§ **TASK BRIEF**
When a picture appears in the listing, leave it out and copy the rest exactly as it stands.

§ **EXERCISE INPUT**
*** Begin section ***
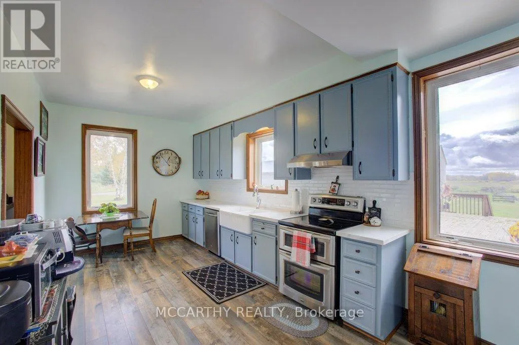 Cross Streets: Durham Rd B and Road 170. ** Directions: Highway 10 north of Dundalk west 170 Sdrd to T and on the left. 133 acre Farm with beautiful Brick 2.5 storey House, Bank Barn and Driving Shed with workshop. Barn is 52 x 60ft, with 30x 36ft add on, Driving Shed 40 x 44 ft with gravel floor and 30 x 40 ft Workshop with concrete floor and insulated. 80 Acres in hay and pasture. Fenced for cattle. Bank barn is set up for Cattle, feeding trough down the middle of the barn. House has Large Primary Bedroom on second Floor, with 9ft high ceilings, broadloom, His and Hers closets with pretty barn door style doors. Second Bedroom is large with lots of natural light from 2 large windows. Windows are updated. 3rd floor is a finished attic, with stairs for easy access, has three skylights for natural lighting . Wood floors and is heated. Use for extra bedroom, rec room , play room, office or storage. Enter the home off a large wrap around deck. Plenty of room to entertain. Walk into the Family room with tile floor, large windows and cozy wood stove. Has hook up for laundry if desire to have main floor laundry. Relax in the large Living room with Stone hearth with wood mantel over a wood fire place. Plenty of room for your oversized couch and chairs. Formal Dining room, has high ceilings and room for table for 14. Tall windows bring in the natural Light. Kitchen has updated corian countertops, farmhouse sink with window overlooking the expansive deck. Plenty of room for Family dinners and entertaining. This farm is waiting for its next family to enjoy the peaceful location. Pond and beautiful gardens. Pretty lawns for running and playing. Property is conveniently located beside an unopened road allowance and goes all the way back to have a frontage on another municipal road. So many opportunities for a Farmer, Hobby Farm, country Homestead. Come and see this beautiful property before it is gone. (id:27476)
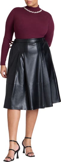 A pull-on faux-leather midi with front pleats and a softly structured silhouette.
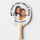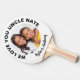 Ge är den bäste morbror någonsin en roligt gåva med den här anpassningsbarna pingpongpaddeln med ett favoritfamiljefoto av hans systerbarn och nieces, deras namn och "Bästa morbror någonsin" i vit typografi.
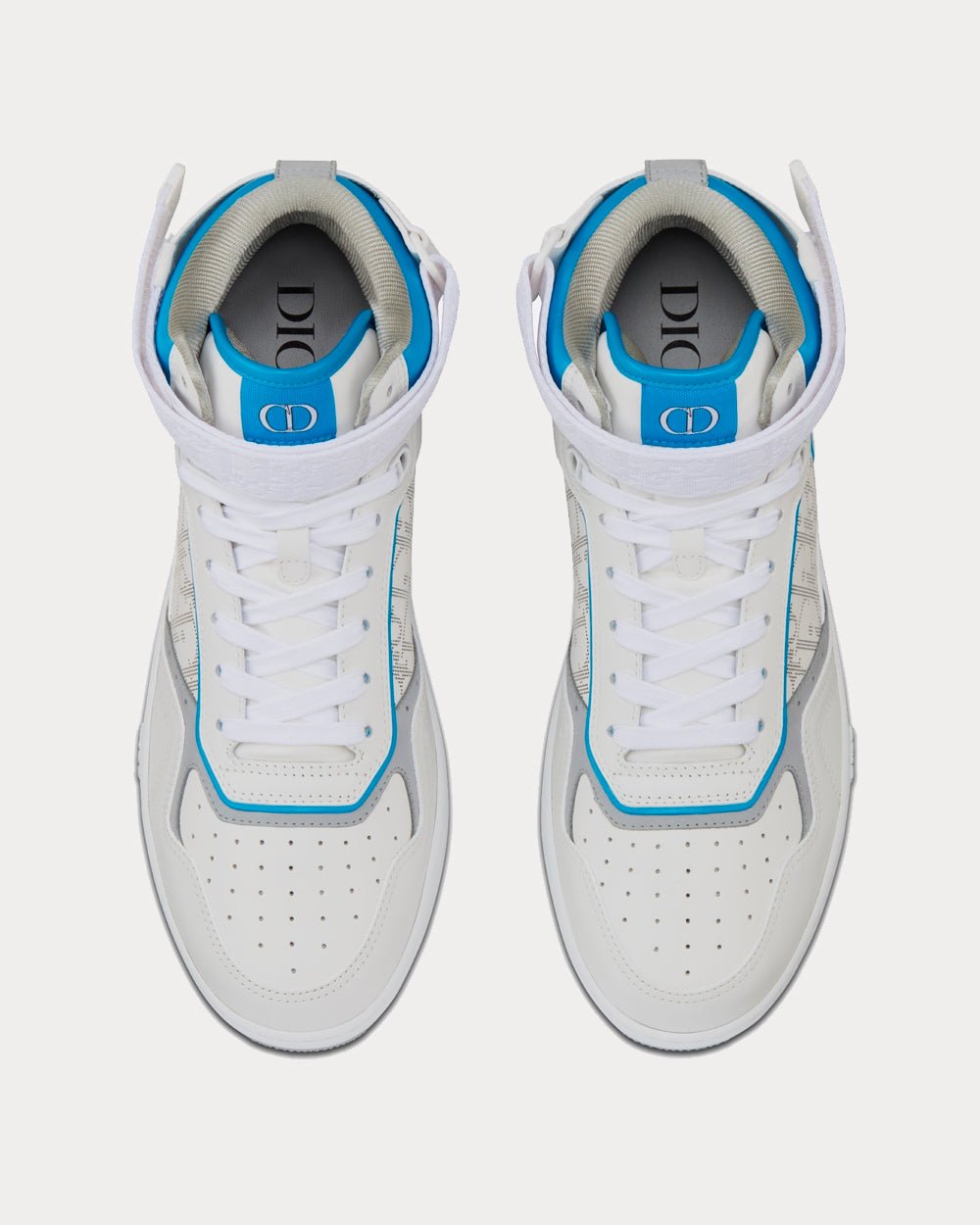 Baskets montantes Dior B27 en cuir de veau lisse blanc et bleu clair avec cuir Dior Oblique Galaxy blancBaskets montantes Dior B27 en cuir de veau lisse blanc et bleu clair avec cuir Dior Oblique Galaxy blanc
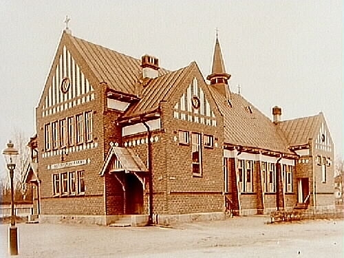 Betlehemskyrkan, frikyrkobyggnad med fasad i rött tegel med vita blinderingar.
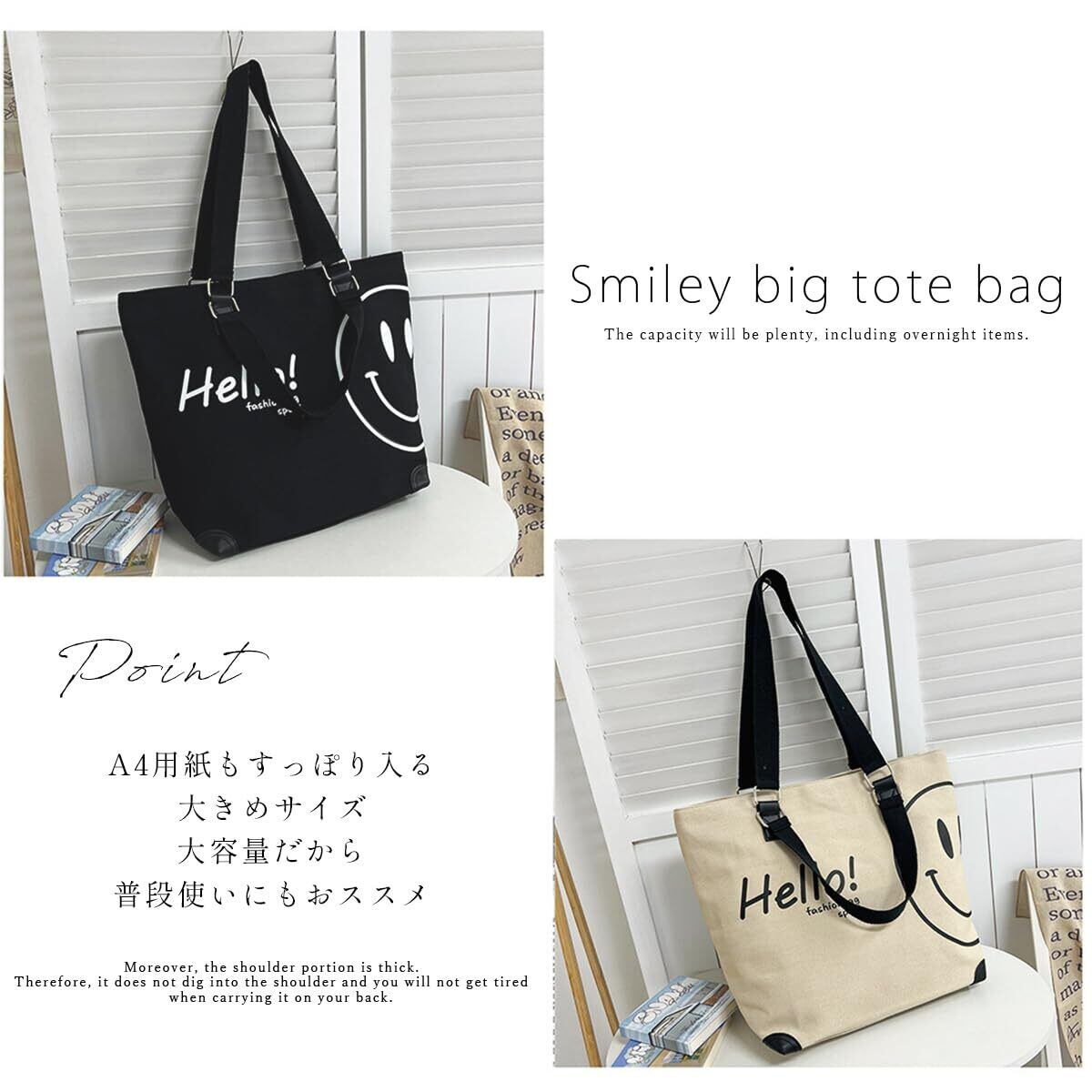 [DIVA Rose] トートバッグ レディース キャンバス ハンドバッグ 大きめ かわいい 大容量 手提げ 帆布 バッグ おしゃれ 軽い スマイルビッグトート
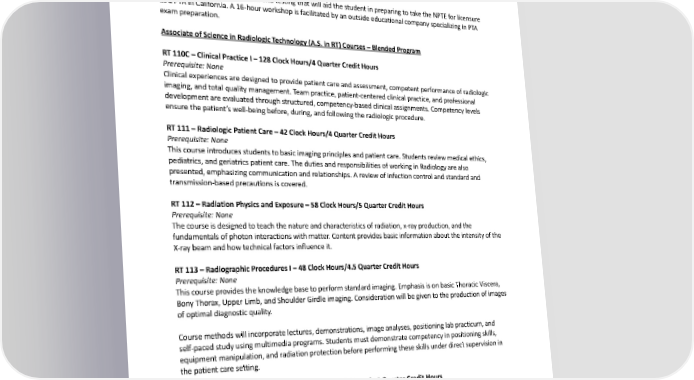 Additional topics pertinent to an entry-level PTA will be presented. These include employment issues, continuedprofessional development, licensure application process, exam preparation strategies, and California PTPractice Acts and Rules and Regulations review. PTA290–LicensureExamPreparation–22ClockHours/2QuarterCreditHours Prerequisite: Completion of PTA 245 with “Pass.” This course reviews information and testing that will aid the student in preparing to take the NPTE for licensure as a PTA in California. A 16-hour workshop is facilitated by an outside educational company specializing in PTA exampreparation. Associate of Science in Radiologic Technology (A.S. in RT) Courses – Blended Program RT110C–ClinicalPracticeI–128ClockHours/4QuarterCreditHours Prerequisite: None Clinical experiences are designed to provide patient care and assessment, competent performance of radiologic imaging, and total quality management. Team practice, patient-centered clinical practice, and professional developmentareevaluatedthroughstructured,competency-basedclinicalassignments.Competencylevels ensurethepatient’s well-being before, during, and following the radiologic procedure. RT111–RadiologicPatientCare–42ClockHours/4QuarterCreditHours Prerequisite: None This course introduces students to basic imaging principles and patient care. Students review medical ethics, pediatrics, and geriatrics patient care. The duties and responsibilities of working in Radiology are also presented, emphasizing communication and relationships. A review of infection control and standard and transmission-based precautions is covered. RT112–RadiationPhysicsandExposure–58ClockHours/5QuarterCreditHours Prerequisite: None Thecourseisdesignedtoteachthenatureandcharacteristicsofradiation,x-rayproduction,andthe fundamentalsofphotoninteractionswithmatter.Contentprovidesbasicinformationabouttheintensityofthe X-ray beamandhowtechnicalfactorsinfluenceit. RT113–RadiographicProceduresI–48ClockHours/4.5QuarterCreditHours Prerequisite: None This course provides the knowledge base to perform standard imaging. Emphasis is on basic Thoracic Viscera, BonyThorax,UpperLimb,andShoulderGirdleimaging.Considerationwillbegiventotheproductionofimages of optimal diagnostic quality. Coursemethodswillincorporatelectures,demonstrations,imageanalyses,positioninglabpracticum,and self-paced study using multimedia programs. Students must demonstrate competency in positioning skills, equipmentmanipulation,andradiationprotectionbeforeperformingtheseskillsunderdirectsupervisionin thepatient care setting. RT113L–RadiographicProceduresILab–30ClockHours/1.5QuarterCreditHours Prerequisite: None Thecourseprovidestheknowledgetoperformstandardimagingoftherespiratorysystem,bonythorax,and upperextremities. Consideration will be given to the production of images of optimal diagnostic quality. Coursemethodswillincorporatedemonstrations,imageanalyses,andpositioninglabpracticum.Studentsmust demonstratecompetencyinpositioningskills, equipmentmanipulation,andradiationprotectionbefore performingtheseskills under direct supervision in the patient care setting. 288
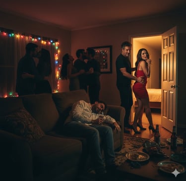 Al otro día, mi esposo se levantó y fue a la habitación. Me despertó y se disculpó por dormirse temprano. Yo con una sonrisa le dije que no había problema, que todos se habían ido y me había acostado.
*** End section ***
§ **ANSWER SECTION**
 Cross Streets: Durham Rd B and Road 170. ** Directions: Highway 10 north of Dundalk west 170 Sdrd to T and on the left. 133 acre Farm with beautiful Brick 2.5 storey House, Bank Barn and Driving Shed with workshop. Barn is 52 x 60ft, with 30x 36ft add on, Driving Shed 40 x 44 ft with gravel floor and 30 x 40 ft Workshop with concrete floor and insulated. 80 Acres in hay and pasture. Fenced for cattle. Bank barn is set up for Cattle, feeding trough down the middle of the barn. House has Large Primary Bedroom on second Floor, with 9ft high ceilings, broadloom, His and Hers closets with pretty barn door style doors. Second Bedroom is large with lots of natural light from 2 large windows. Windows are updated. 3rd floor is a finished attic, with stairs for easy access, has three skylights for natural lighting . Wood floors and is heated. Use for extra bedroom, rec room , play room, office or storage. Enter the home off a large wrap around deck. Plenty of room to entertain. Walk into the Family room with tile floor, large windows and cozy wood stove. Has hook up for laundry if desire to have main floor laundry. Relax in the large Living room with Stone hearth with wood mantel over a wood fire place. Plenty of room for your oversized couch and chairs. Formal Dining room, has high ceilings and room for table for 14. Tall windows bring in the natural Light. Kitchen has updated corian countertops, farmhouse sink with window overlooking the expansive deck. Plenty of room for Family dinners and entertaining. This farm is waiting for its next family to enjoy the peaceful location. Pond and beautiful gardens. Pretty lawns for running and playing. Property is conveniently located beside an unopened road allowance and goes all the way back to have a frontage on another municipal road. So many opportunities for a Farmer, Hobby Farm, country Homestead. Come and see this beautiful property before it is gone. (id:27476)
 A pull-on faux-leather midi with front pleats and a softly structured silhouette.
 Ge är den bäste morbror någonsin en roligt gåva med den här anpassningsbarna pingpongpaddeln med ett favoritfamiljefoto av hans systerbarn och nieces, deras namn och "Bästa morbror någonsin" i vit typografi.
 Baskets montantes Dior B27 en cuir de veau lisse blanc et bleu clair avec cuir Dior Oblique Galaxy blancBaskets montantes Dior B27 en cuir de veau lisse blanc et bleu clair avec cuir Dior Oblique Galaxy blanc
 Betlehemskyrkan, frikyrkobyggnad med fasad i rött tegel med vita blinderingar.
 [DIVA Rose] トートバッグ レディース キャンバス ハンドバッグ 大きめ かわいい 大容量 手提げ 帆布 バッグ おしゃれ 軽い スマイルビッグトート
 Additional topics pertinent to an entry-level PTA will be presented. These include employment issues, continuedprofessional development, licensure application process, exam preparation strategies, and California PTPractice Acts and Rules and Regulations review. PTA290–LicensureExamPreparation–22ClockHours/2QuarterCreditHours Prerequisite: Completion of PTA 245 with “Pass.” This course reviews information and testing that will aid the student in preparing to take the NPTE for licensure as a PTA in California. A 16-hour workshop is facilitated by an outside educational company specializing in PTA exampreparation. Associate of Science in Radiologic Technology (A.S. in RT) Courses – Blended Program RT110C–ClinicalPracticeI–128ClockHours/4QuarterCreditHours Prerequisite: None Clinical experiences are designed to provide patient care and assessment, competent performance of radiologic imaging, and total quality management. Team practice, patient-centered clinical practice, and professional developmentareevaluatedthroughstructured,competency-basedclinicalassignments.Competencylevels ensurethepatient’s well-being before, during, and following the radiologic procedure. RT111–RadiologicPatientCare–42ClockHours/4QuarterCreditHours Prerequisite: None This course introduces students to basic imaging principles and patient care. Students review medical ethics, pediatrics, and geriatrics patient care. The duties and responsibilities of working in Radiology are also presented, emphasizing communication and relationships. A review of infection control and standard and transmission-based precautions is covered. RT112–RadiationPhysicsandExposure–58ClockHours/5QuarterCreditHours Prerequisite: None Thecourseisdesignedtoteachthenatureandcharacteristicsofradiation,x-rayproduction,andthe fundamentalsofphotoninteractionswithmatter.Contentprovidesbasicinformationabouttheintensityofthe X-ray beamandhowtechnicalfactorsinfluenceit. RT113–RadiographicProceduresI–48ClockHours/4.5QuarterCreditHours Prerequisite: None This course provides the knowledge base to perform standard imaging. Emphasis is on basic Thoracic Viscera, BonyThorax,UpperLimb,andShoulderGirdleimaging.Considerationwillbegiventotheproductionofimages of optimal diagnostic quality. Coursemethodswillincorporatelectures,demonstrations,imageanalyses,positioninglabpracticum,and self-paced study using multimedia programs. Students must demonstrate competency in positioning skills, equipmentmanipulation,andradiationprotectionbeforeperformingtheseskillsunderdirectsupervisionin thepatient care setting. RT113L–RadiographicProceduresILab–30ClockHours/1.5QuarterCreditHours Prerequisite: None Thecourseprovidestheknowledgetoperformstandardimagingoftherespiratorysystem,bonythorax,and upperextremities. Consideration will be given to the production of images of optimal diagnostic quality. Coursemethodswillincorporatedemonstrations,imageanalyses,andpositioninglabpracticum.Studentsmust demonstratecompetencyinpositioningskills, equipmentmanipulation,andradiationprotectionbefore performingtheseskills under direct supervision in the patient care setting. 288
 Al otro día, mi esposo se levantó y fue a la habitación. Me despertó y se disculpó por dormirse temprano. Yo con una sonrisa le dije que no había problema, que todos se habían ido y me había acostado.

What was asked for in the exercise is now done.